*DATA EXTRACT*
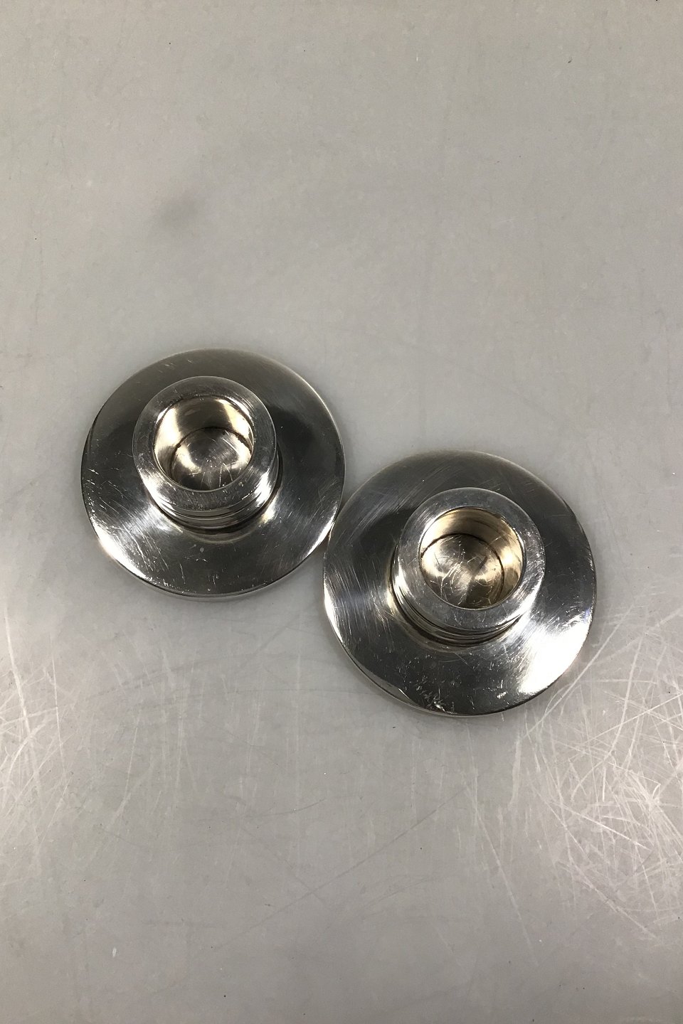 Georg Jensen Sterling Silver Pyramid Candlesticks Pair No 747A Harald Nielsen H 2.7 cm/1.06" Diam 7 cm/2.75" Combined Weight ca 160 gr/5.66 oz.
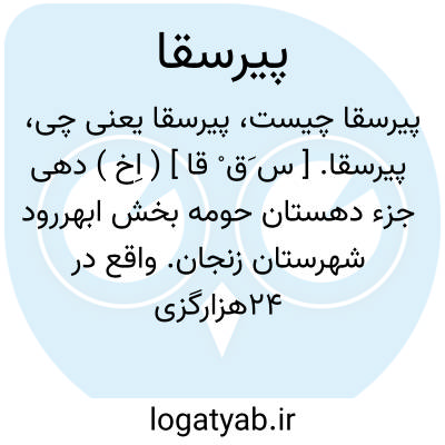 پیرسقا. [ س َق ْ قا ] ( اِخ ) دهی جزء دهستان حومه بخش ابهررود شهرستان زنجان. واقع در 24هزارگزی ابهر و 4هزارگزی شوسه زنجان به تبریز.جلگه و سردسیر دارای 817 تن سکنه. آب آن از قنات و زه آب رودخانه. محصول آنجا غلات و انگور و قیسی و گردو. شغل اهالی زراعت و کارگری و قالیچه و جاجیم بافی است و راه شوسه دارد. ( فرهنگ جغرافیایی ایران ج 2 ).
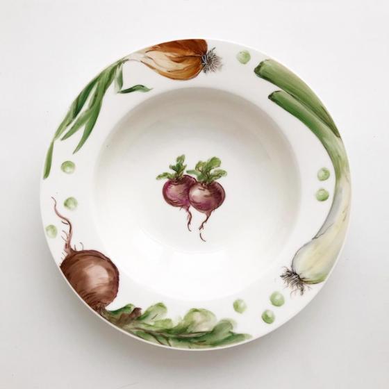 Роспись с овощами можно отнести к ботанической. Много лет назад, когда еще не было фотографии, художники-натуралисты рисовали овощи с натуры, в точности повторяя с оригинала каждый корешок, листик, оттенок цвета. Получались очень сочные живописные натюрморты- «фотографии», которые затем составляли ботанические атласы. Рисунки из таких атласов стали образцами для росписи тарелок
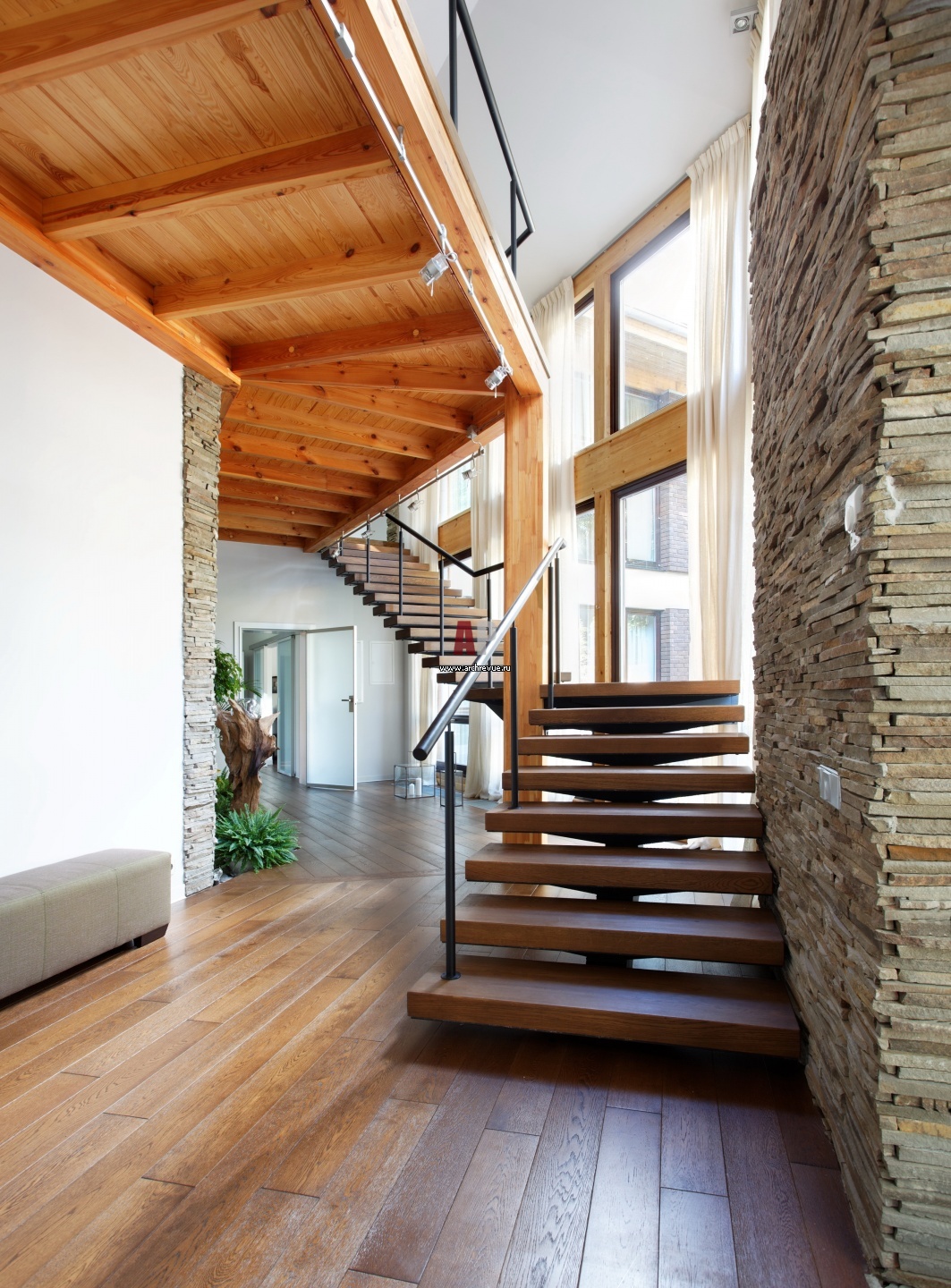 Интерьер входной группы. Основная декоративная идея проекта – сочетание чистых плоскостей и природных материалов, переходящих с фасада здания в интерьер, соединение эстетики минимализма и природной темы.
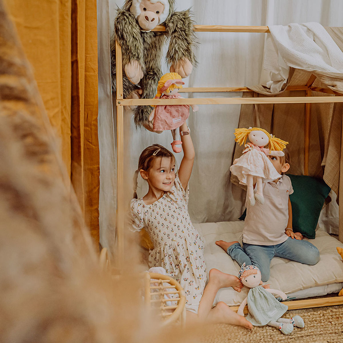 La bambola di stoffa Suzette è spesso sognante e ama immergersi nei meravigliosi racconti. Ama indossare bei vestiti rosa fluenti in cotone decorati con ricami floreali, ballerine rosa, una fascia con un grande fiocco con un tocco di tulle. Gli abiti possono essere tolti e rimessi. La bambola è fornita in una confezione regalo originale. Il giocattolo soddisfa le norme di sicurezza CE europee. Manutenzione: Lavare a 30° Consiglio: Asciugatura naturale o a bassa temperatura. Caratteristiche principali: adatto dalla nascita, viso in cotone, occhi e bocca ricamati e lentiggini, bambola con accessori che possono essere tolti e rimessi, in confezione regalo
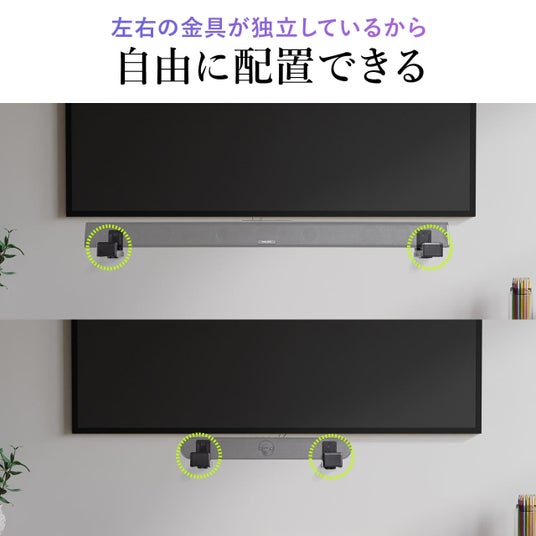 ●左右の金具が独立しており、ご使用のサウンドバーにピッタリ合わせることができます。
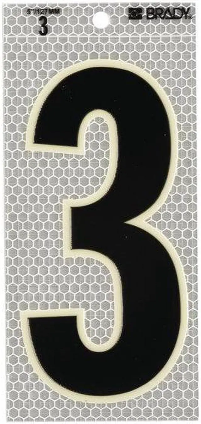 Number Label, Character 3, Character Height 5 In., Overall Height 6 In., Overall Width 3 In., Character Type Numbers, Material Vinyl, Background Color Silver, Retroreflective Grade High Intensity Prismatic, Glow-in-the-Dark Yes, Markers per Card 1, Number of Cards 10, Standards ASTM D 523; ASTM D 4956, Character Color Black/Green, Package Type Sheet, Die Cut Yes, Package Quantity 10. This item has been restricted from sale in the following state (s): []
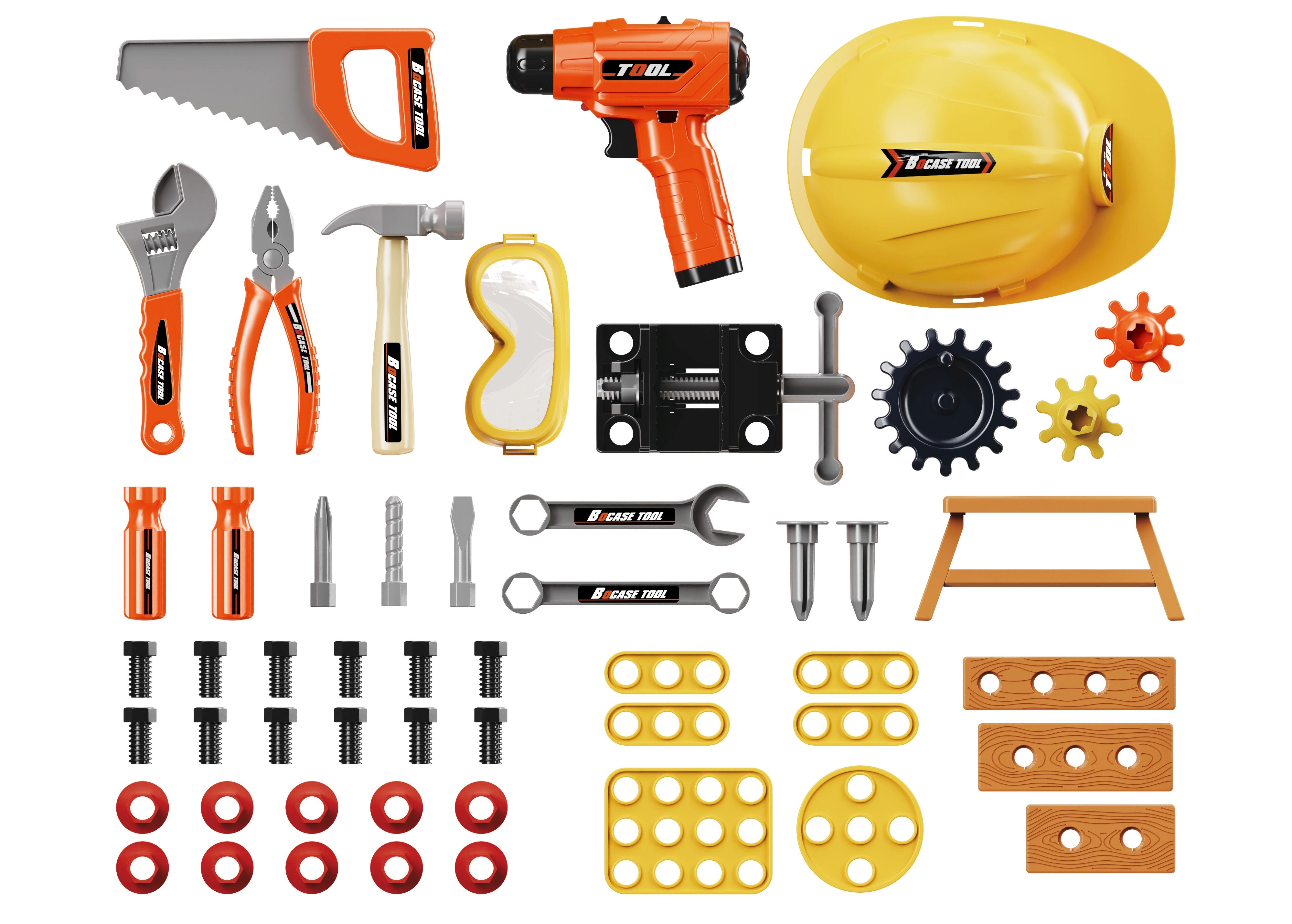 In our selection you’ll find kids’ costumes and play sets: a play kitchen and accessories for little chefs, a children’s doctor set with stethoscope, bandages, and pretend medicines, a kids’ cash register and shopping basket, plus children’s tools, a workbench, and safety gear for the workshop. The props are made from safe materials (wood and plastic), certified and non-toxic, finely detailed, comfortable to hold, and durable enough for everyday play; they develop fine motor skills, communication, cooperation, and logical thinking.

*DIRECTIONS*
In the records above, find the line with "Роспись с овощами" and the line with "Number Label, Character". Write out exactly those lines and every one between, with no pictures and no other lines.

*EXERCISE RESULT*
 Роспись с овощами можно отнести к ботанической. Много лет назад, когда еще не было фотографии, художники-натуралисты рисовали овощи с натуры, в точности повторяя с оригинала каждый корешок, листик, оттенок цвета. Получались очень сочные живописные натюрморты- «фотографии», которые затем составляли ботанические атласы. Рисунки из таких атласов стали образцами для росписи тарелок
 Интерьер входной группы. Основная декоративная идея проекта – сочетание чистых плоскостей и природных материалов, переходящих с фасада здания в интерьер, соединение эстетики минимализма и природной темы.
 La bambola di stoffa Suzette è spesso sognante e ama immergersi nei meravigliosi racconti. Ama indossare bei vestiti rosa fluenti in cotone decorati con ricami floreali, ballerine rosa, una fascia con un grande fiocco con un tocco di tulle. Gli abiti possono essere tolti e rimessi. La bambola è fornita in una confezione regalo originale. Il giocattolo soddisfa le norme di sicurezza CE europee. Manutenzione: Lavare a 30° Consiglio: Asciugatura naturale o a bassa temperatura. Caratteristiche principali: adatto dalla nascita, viso in cotone, occhi e bocca ricamati e lentiggini, bambola con accessori che possono essere tolti e rimessi, in confezione regalo
 ●左右の金具が独立しており、ご使用のサウンドバーにピッタリ合わせることができます。
 Number Label, Character 3, Character Height 5 In., Overall Height 6 In., Overall Width 3 In., Character Type Numbers, Material Vinyl, Background Color Silver, Retroreflective Grade High Intensity Prismatic, Glow-in-the-Dark Yes, Markers per Card 1, Number of Cards 10, Standards ASTM D 523; ASTM D 4956, Character Color Black/Green, Package Type Sheet, Die Cut Yes, Package Quantity 10. This item has been restricted from sale in the following state (s): []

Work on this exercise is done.